Oil/water separation
As shown in Fig. 8a, we put the prepared C-SiO2-2/PM into a beaker filled with water, and then dropped the chloroform dyed with 1-[[4-[(dimethylpheny)azo]dimethylphenyl]azo]-2-Naphthalenol on the surface. Because chloroform is denser than water, when pink chloroform oil drops onto the surface of the underwater film, which showed hydrophobic characteristics on the surface of the membrane. When we took n-hexane oil droplet dyed with 1-[[4-[(dimethylpheny)azo]dimethylphenyl]azo]-2-Naphthalenol, which is less dense than water, it’s found that the pink n-hexane oil drops below the membrane also exhibited hydrophobic properties. It is worth noting that when we suck the chloroform away from the membrane with a straw (Fig. 8c, d), no oil droplets are left on the membrane (Fig. 8e), so the membrane can be used as an oil repellent. Due to the super-hydrophilicity in air and super hydrophobic oil underwater (Fig. 8a, b), C-SiO2-2/PM can be used in oil—water separation. The separation property of the C-SiO2-2/PM is further studied for n-hexane/water mixtures.
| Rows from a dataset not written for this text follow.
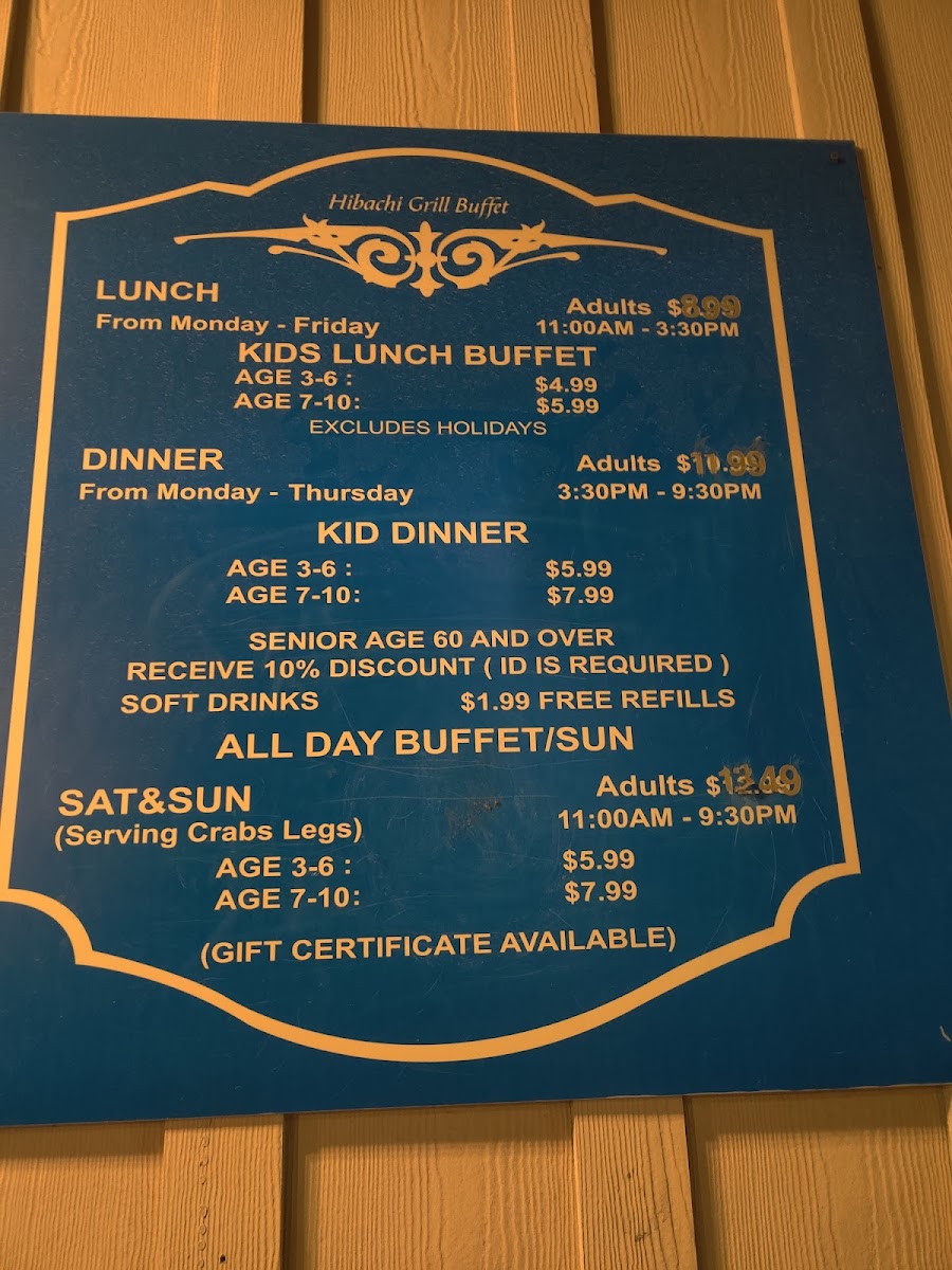 Introducing the menu at Hibachi Super Buffet, located in Mesa, AZ, is a culinary adventure that satisfies every craving. With an extensive selection of dishes, guests can indulge in favorites like Sweet and Sour Chicken and Moo Goo Gai Pan, available for an unbeatable price of $4.25 during lunchtime. For those looking for a hearty meal, options like Chicken in Curry Sauce and Honey Walnut Shrimp shine at just $6.99.
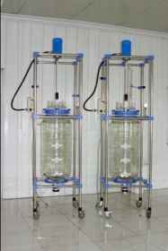 在双层玻璃反应釜内层放入反应介质,通过向双层玻璃反应釜夹套内注入恒温的(高温热水、导热油或低温冷冻液)对反应釜内的物料进行恒温加热或制冷,并且可以提供机械搅拌。使密封的玻璃反应釜内在设定的恒温条件下,进行真空搅拌反应,蒸馏浓缩反应,分离萃取反应,合成结晶反应、反应发热等实验。实验完毕,物料可从釜底的聚四氟乙烯放料口放出,操作极为方便。
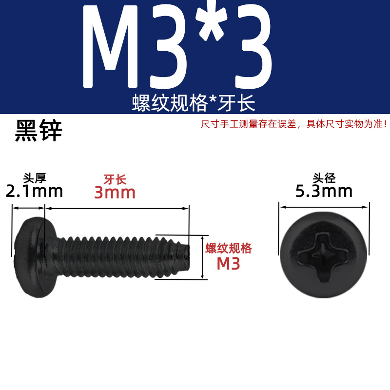 • 둥근 머리 수축 M3 * 3 검은 아연
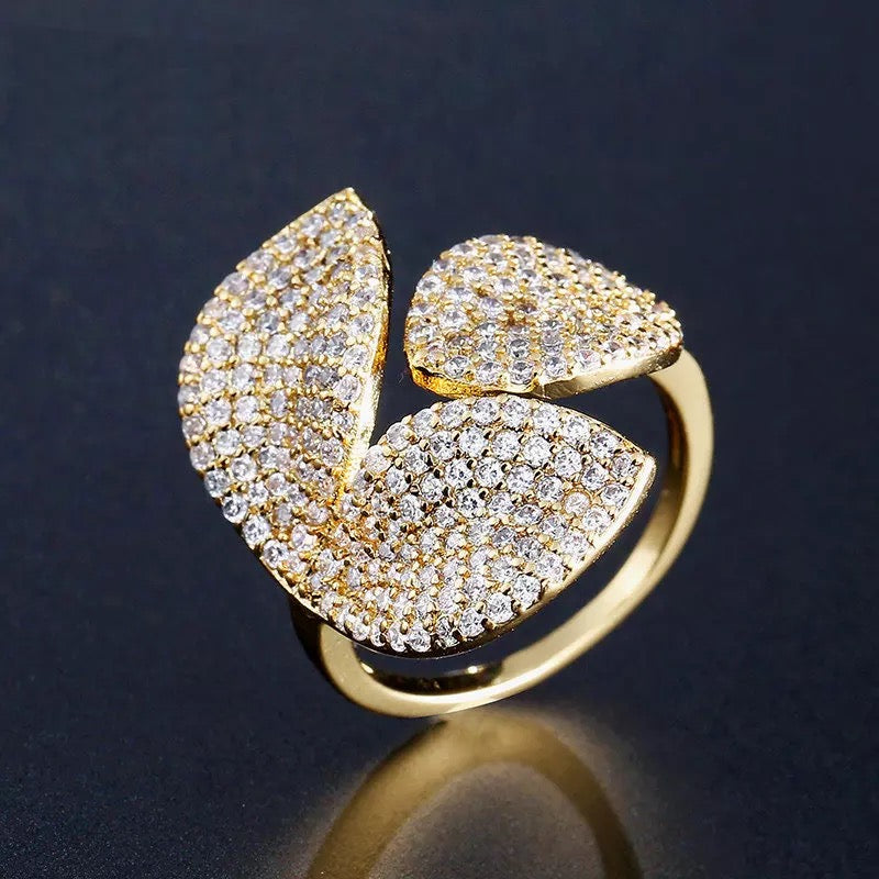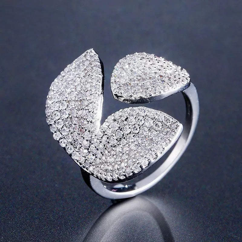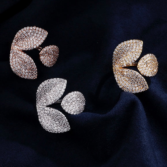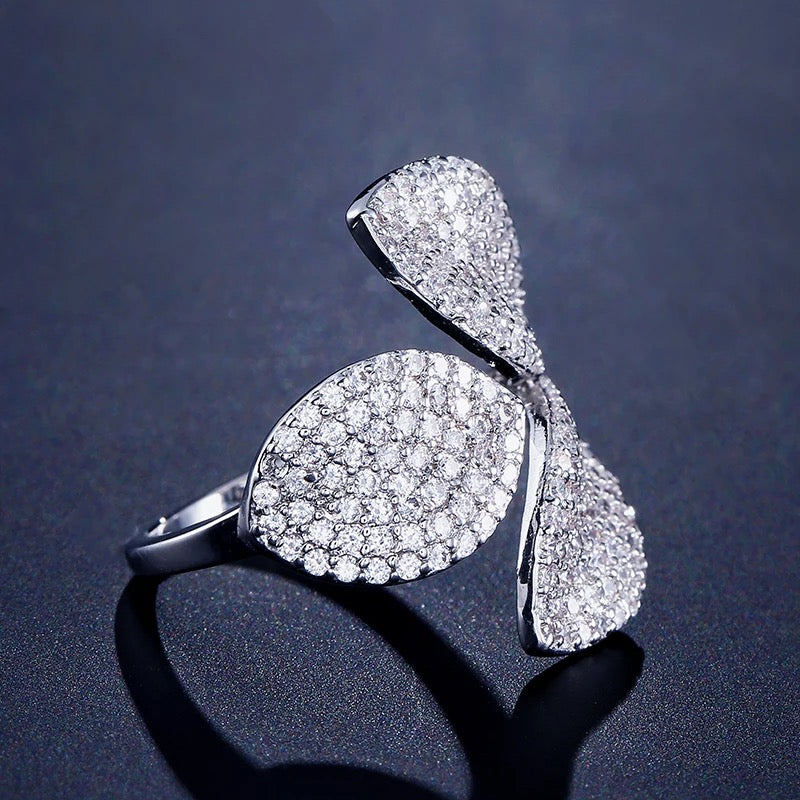 This gorgeous Cubic Zirconia leaf shape ring shimmers with real sparkle and flair.

N-hexane and water (dyed by erioglaucine disodium salt) (1:1 v/v) are put it in the oil and water separator. Since the density of n-hexane is lighter than water, n-hexane is distributed above the water. As a result, the water penetrated through the SiO2/PM while the oil is intercepted (Fig. 8f, g). Therefore, silica/PM can effectively separate oil and water mixture through gravity-driven filtration. Therefore, we carried out the study of oil–water separation with six kinds of films prepared above. It’s found that the membranes can also effectively separate n-hexane/water, silicone oil/water and peanut oil/water mixtures. The separation efficiencies are listed in Fig. 9. The results show that all the silica/PMs exhibit high separation efficiency (> 98%) for oil/water mixtures.